Before I venture into the gory details of yet another personal project that will most likely not get to its end, let me point you all at Juan Carlos Jimenez’s series of posts reverse engineering another Huawei device. In his case, that was a significantly friendlier Huawei ADSL modem. I still consider that almost a prerequisite reading.

In my case, the device is a Vodafone R205 “Pocket Wifi” adapter, and as I said before it is, or was, common in at least Ireland, Italy and Australia, although with different colours (the Australian version is black, while the Irish and Italian are white). As I’ll show later (but actually a bit of Googling would have showed already), this device is actually a rebranded E586 mobile hotspot, which other providers, such as Three UK, also distributed.

I was honestly afraid I would end up breaking the device once I opened it. It turned out not to be the case, but anyway before doing that I decided to snoop around what I could from the outside, or rather, while connected to it. As showed in the previous post, the device does come with a lot of non-minified JavaScript written by Huawei engineers, which makes it particularly interesting. Indeed some of the files come with a very short changelog at the top, too:

/*******************************************************************************
File Name   : vendorWifi.js
File Author : s00168237
Create time : 2011-09-27  05:49
Description : support Huawei API interface
Copyright   : Copyright (C) 2008-2010 Huawei Tech.Co.,Ltd
History     : 2011-09-27       1.0      create the file
version     : R205 firmware v1.0 and webUI v0.41
release date: 2011-11-18
version     : R205 firmware v2.0 and webUI v0.5
release date: 2011-12-19
version     : R205 firmware v2.3 and webUI v0.51
release date: 2012-12-21
version     : R205 firmware v2.6 and webUI v0.52
release date: 2012-01-06
version     : R205 firmware v2.7 and webUI v0.52
release date: 2012-01-13
version     : R205 firmware v3.0 and webUI v0.6
release date: 2012-01-16
date         version               author(No.)         description
2012.03.29   FWv4.0 UIv1.12.3389   tangyao t81004060   for vodafone fireware v4.0
2012.04.24   FWv4.1 UIv1.14.3559   tangyao t81004060   for vodafone fireware v4.1
2012.04.25   FWv4.2 UIv1.14.3559   tangyao t81004060   for vodafone fireware v4.2
*******************************************************************************/

Considering that the current Vodafone firmware (or should I say fireware) is 8.0, at least on the Australian website (the Irish one does not seem to have any), mine is significantly behind times. I have explicitly not updated it, afraid that they may have covered the hole that I have been using to configure the device.

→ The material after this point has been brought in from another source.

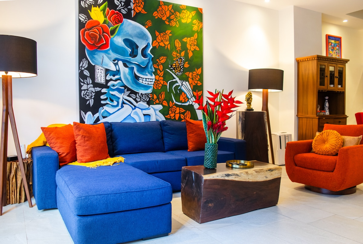 Genieße den tropischen Lebensstil in Puerto Vallarta, der eine geräumige Terrasse und eine voll ausgestattete Dachterrasse mit einem beheizten Infinity-Pool umfasst. Diese Luxus-Wohnung mit 1 Schlafzimmer und 1,5 Badezimmern befindet sich drei Häuserblocks vom Los Muertos Beach entfernt. Wir befinden uns im Herzen der Romantischen Zone, die auch als Altstadt von Puerto Vallarta bezeichnet wird. Die Wohnung ist so gepflegt, dass wir hoffen, dass du dich wie zu Hause fühlst. Daher ist sie sehr gut ausgestattet mit allem, was du vielleicht brauchst.

There is also another interesting fact to note at this point: if you start Googling around you’ll find plenty of shady sites (Astalavista-shady I would say) that try to either sell to you or trick you into installing possible malware. What they promise is a way to de-brand the Vodafone R205 into a standard E586, which is indeed something nice to have, but as I said they are shady, so I have not bothered even considering them.

On the other hand it means that someone already managed to find a way to extract the firmware files from the Windows executable that Huawei provides, and reverse engineered the protocol that they use to flash the firmware onto the device. And they decided not to publish them, but rather make proprietary software bundled with Norton-knows-what. I find that extremely uncool, and on this, I’m definitely more aligned with the CCC crowd than what looks like your average mobile phone/broadband “hacker”.

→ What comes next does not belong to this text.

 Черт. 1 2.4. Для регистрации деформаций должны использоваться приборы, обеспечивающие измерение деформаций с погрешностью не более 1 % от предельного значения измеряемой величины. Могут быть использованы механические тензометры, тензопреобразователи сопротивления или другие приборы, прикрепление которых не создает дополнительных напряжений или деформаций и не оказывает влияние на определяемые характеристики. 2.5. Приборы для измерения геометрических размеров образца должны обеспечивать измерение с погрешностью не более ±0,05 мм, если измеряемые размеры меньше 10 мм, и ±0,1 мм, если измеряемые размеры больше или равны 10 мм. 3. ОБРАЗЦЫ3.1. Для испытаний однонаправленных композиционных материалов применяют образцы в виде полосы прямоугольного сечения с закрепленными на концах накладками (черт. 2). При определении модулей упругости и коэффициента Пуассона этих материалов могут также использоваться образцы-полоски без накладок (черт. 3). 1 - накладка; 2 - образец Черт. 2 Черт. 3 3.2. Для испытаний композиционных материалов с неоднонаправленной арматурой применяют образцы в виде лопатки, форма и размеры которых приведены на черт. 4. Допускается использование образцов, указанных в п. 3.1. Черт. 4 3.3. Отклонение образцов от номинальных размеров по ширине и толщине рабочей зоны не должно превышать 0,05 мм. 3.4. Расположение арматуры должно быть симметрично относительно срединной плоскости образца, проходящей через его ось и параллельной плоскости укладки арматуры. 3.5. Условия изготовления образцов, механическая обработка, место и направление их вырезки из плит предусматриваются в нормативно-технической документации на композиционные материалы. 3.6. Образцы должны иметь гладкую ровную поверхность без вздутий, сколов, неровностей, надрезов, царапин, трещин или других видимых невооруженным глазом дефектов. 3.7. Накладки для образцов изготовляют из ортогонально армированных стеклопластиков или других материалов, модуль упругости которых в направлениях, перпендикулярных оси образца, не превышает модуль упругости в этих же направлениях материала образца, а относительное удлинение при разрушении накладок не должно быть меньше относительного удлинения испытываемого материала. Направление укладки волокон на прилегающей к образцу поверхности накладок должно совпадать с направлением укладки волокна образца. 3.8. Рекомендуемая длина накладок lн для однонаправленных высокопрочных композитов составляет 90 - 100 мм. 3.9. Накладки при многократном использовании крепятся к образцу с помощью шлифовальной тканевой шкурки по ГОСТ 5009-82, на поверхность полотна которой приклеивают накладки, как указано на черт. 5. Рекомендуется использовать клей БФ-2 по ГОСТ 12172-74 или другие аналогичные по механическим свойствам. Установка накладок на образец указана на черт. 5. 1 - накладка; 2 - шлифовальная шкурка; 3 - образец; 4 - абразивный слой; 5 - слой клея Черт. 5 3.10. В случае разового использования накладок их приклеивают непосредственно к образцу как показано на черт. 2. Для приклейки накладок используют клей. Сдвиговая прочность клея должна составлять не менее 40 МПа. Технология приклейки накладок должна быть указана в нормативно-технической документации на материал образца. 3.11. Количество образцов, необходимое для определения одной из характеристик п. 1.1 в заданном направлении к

Moving on, I decided to check for what may be open on the device. For instance if telnet or SSH were open it would make it easier to figure out ways around the device, but that didn’t help either. Indeed very few ports are open on the device: DNS, DHCP, HTTP and HTTPS (more in a second) and ports 1900 UDP and 50000 TCP for UPnP/IGD.

Nmap reports the following for the HTTPS configuration, which suggest a well expired certificate, since it is not valid after 2008, even though the firmware is clearly more recent (the changelog above reads 2012).

ssl-cert: Subject: commonName=ipwebs.interpeak.com/organizationName=Interpeak/stateOrProvinceName=Stockholm/countryName=SE
Issuer: commonName=Test CA/organizationName=Interpeak/stateOrProvinceName=Stockholm/countryName=SE
Public Key type: rsa
Public Key bits: 1024
Signature Algorithm: md5WithRSAEncryption
Not valid before: 2003-09-22T11:33:43
Not valid after:  2008-09-20T11:33:43
MD5:   2fcc e6cc bac8 8ea2 ca80 287f 2b8d 7d75
SHA-1: 7c6f 422e 37cb 83bf c3ef b004 f050 2c6f deba 6be2
ssl-date: 1970-01-01T00:20:18+00:00; -47y4d22h09m00s from scanner time.
sslv2:
  SSLv2 supported
  ciphers:
    SSL2_RC4_128_WITH_MD5
    SSL2_RC2_128_CBC_WITH_MD5
    SSL2_DES_192_EDE3_CBC_WITH_MD5
    SSL2_RC4_128_EXPORT40_WITH_MD5
    SSL2_RC2_128_CBC_EXPORT40_WITH_MD5
    SSL2_DES_64_CBC_WITH_MD5

Both the HTTP and the HTTPS ports report themselves as IPWEBS/1.4.0 (nmap considers this “Huawei broadband router http admin”, so I suppose they use it for their non-mobile routers too), and that matches the commonName found in the certificate.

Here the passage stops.